TED.com > Seth Priebatsch: The game layer on top of the world
Notes from the presentation
The Last decade was all about >
- All about connections
- Facebook’s open graph
- Construction is over ( but more to explore )
The Next decade will all be about >
- All about influencing behavior
- No set foundations
- Construction has just begun
4 ( of the 7 ) aspects of Game Dynamics
- appointment dynamic: a dynamic in which to succeed, one must return at a predefined time to take a predetermined action.
- Happy hour
- Farmville – must water the crops
- influence and status: the ability of one player to modify the behavior of another’s actions through social pressure.
- The “Black” American Express card
- Badges in Modern Warfare ( or any other game )
- School – it’s a game just not a well defined game.
- Progression dynamic: a dynamic in which success is granularly displayed and measured through the process of completing itemized tasks.
- Linkedin – complete your progress bar
- World of WarCraft – level up
- communal discovery: a dynamic wherein an entire community is rallied to work together to solve a challenge.
- Digg – find the best news
- McDonalds Monopoly – community crops up to find “Boardwalk”
- DARPA find balloon project solved by MIT students
Thoughts
Seth has done a great job of looking at games and figuring out what are the essential components that make them compelling.
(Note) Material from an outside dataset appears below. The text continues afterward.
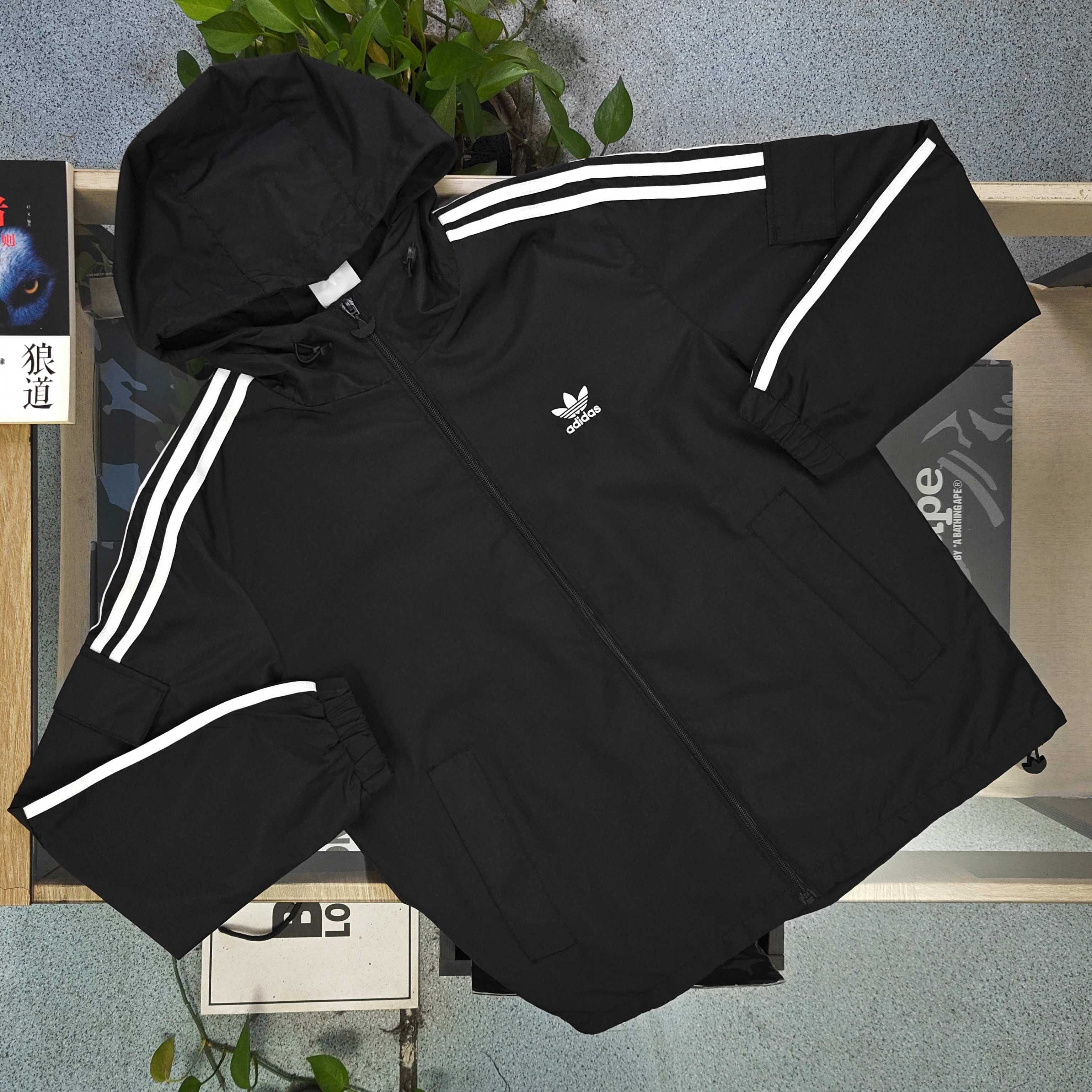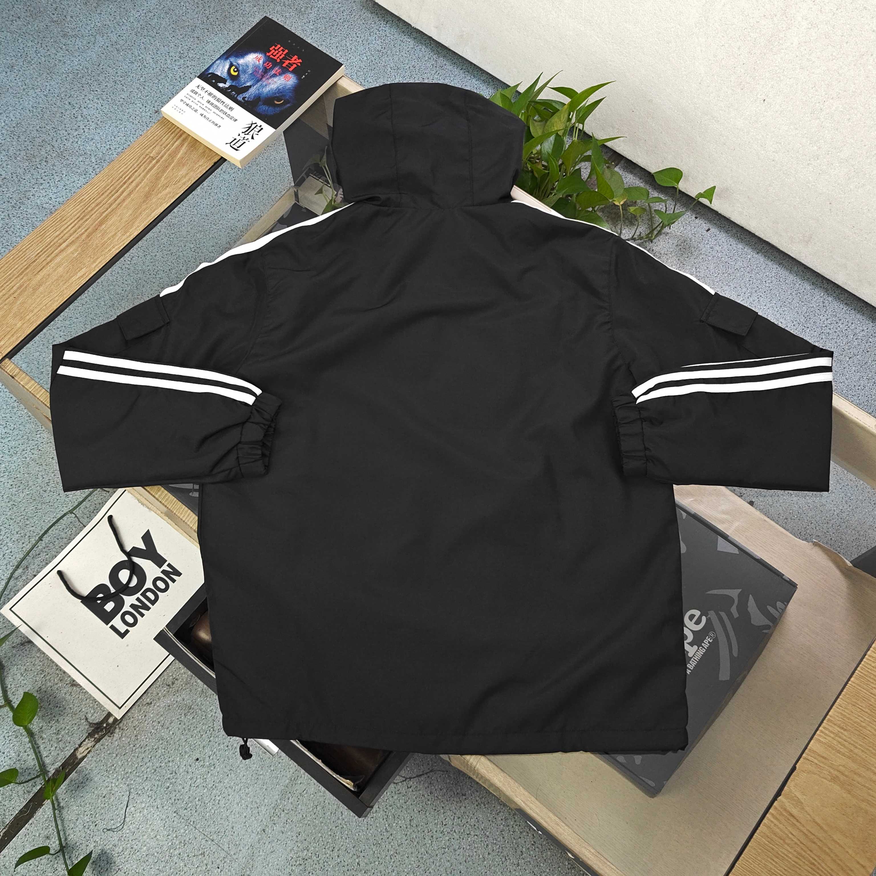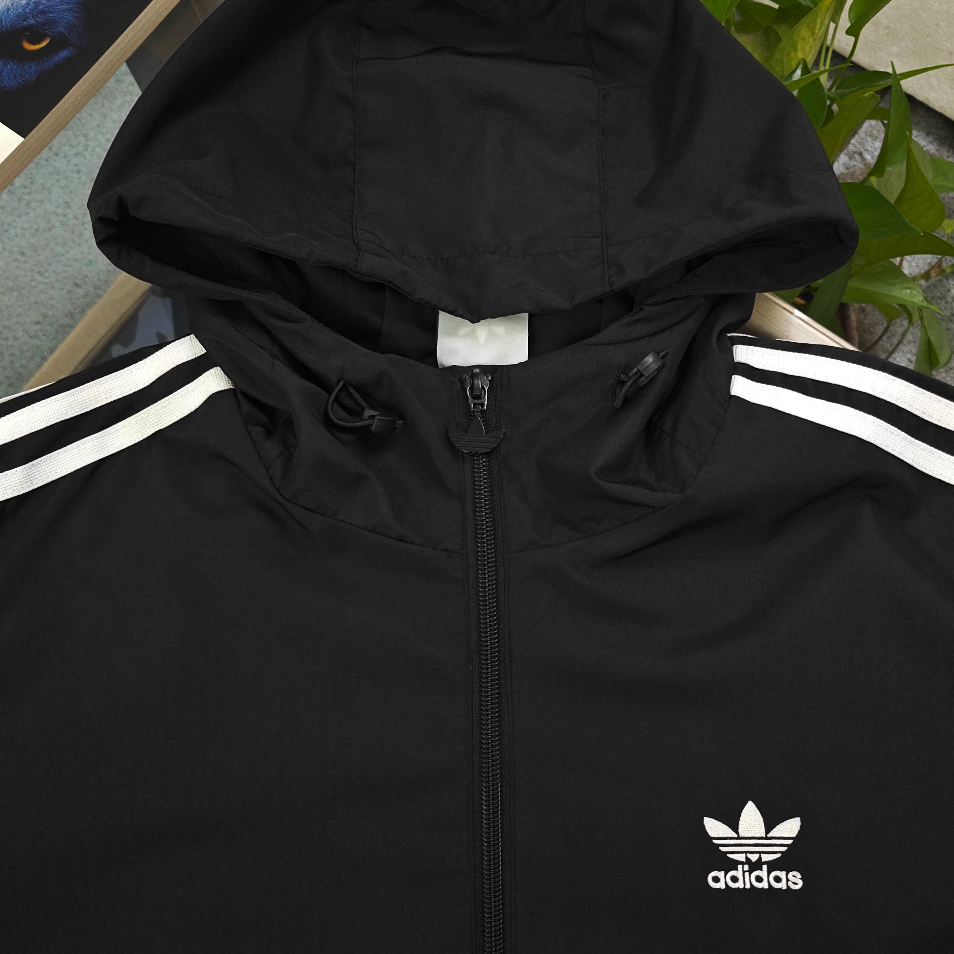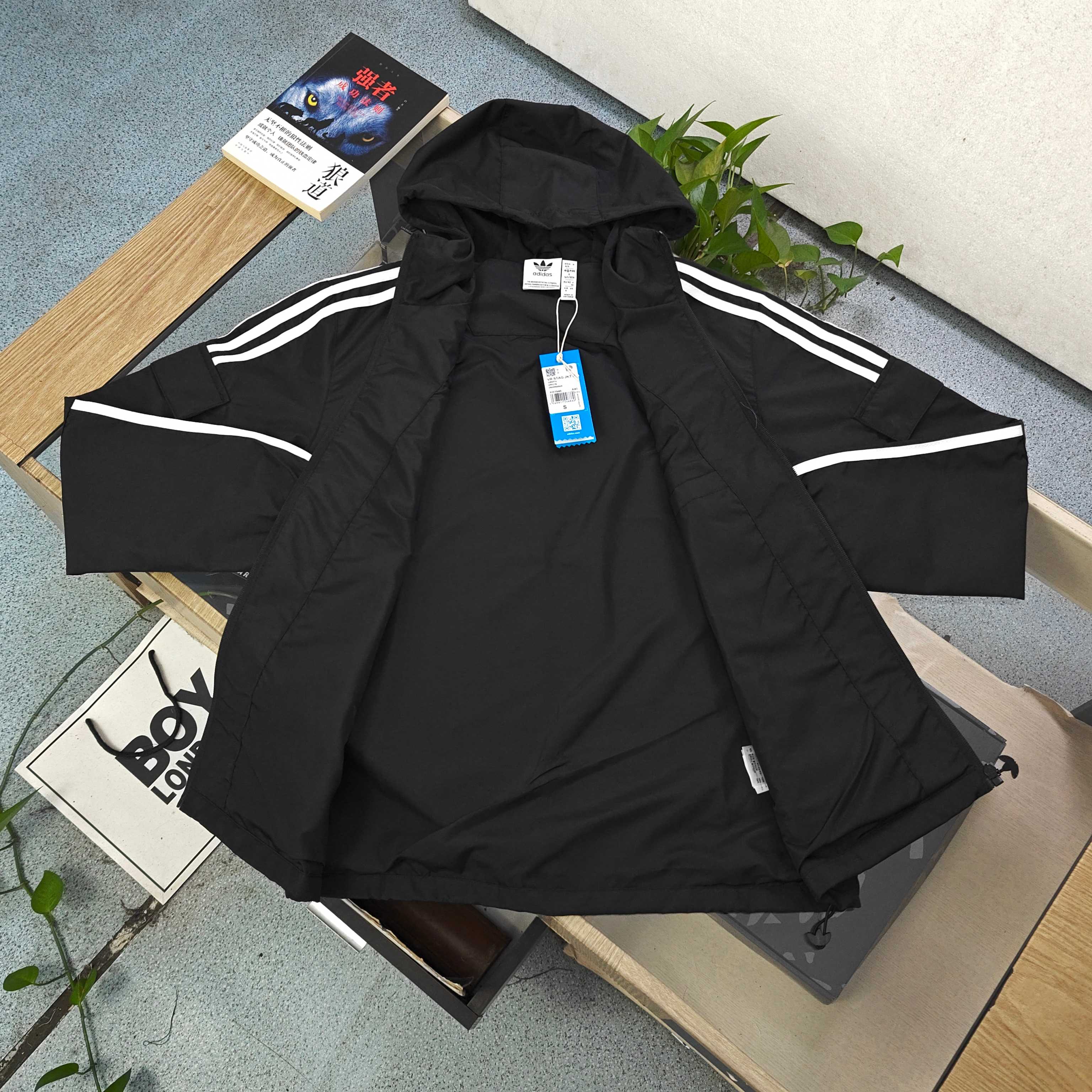 2025秋冬新款Adidas阿迪达斯刺绣三叶草logo图案连帽夹克外套 复古潮范 一衣多搭 阿迪达斯三叶草经典logo醒目 黑色主身配白色三道杠 复古运动风瞬间拉满 连帽拉链设计 简约又实用 日常防风 穿搭造型都在线

It’s a good list to refer back to occasionally when brain storming for features of a game you might be working on. On the other hand it should be remembered that not every game needs to cover every single item here. Sometimes less is more.
Google Talks > Putting the Fun in Functional: Applying Game Mechanics to Functional Software
The entire video is almost an hour long however it isn’t necessary to watch the entire thing. Her presentation runs for the first 22 minutes and is, I think, very informative. Amy is a good speaker. She gets to the point and has lots of informative things to say. After her presentation she does two case studies on YouTube and Twitter to see how they measure up against the criteria that she outlined in her presentation. That lasts for about 16 minutes to the 38 minute mark of the video. Then she goes into Q&A which is worth watching but isn’t exactly the highlight of the video.
Speaker: Amy Jo Kim ( @amyjokim )
Amy Jo Kim, CEO of Shufflebrain, is an internationally known expert in online community architecture. She has helped design social games and social architecture for such companies as Electronic Arts, Digital Chocolate, Viacom, eBay and Yahoo! Her book Community Building on the Web was published in 2000, and has been translated into 7 languages.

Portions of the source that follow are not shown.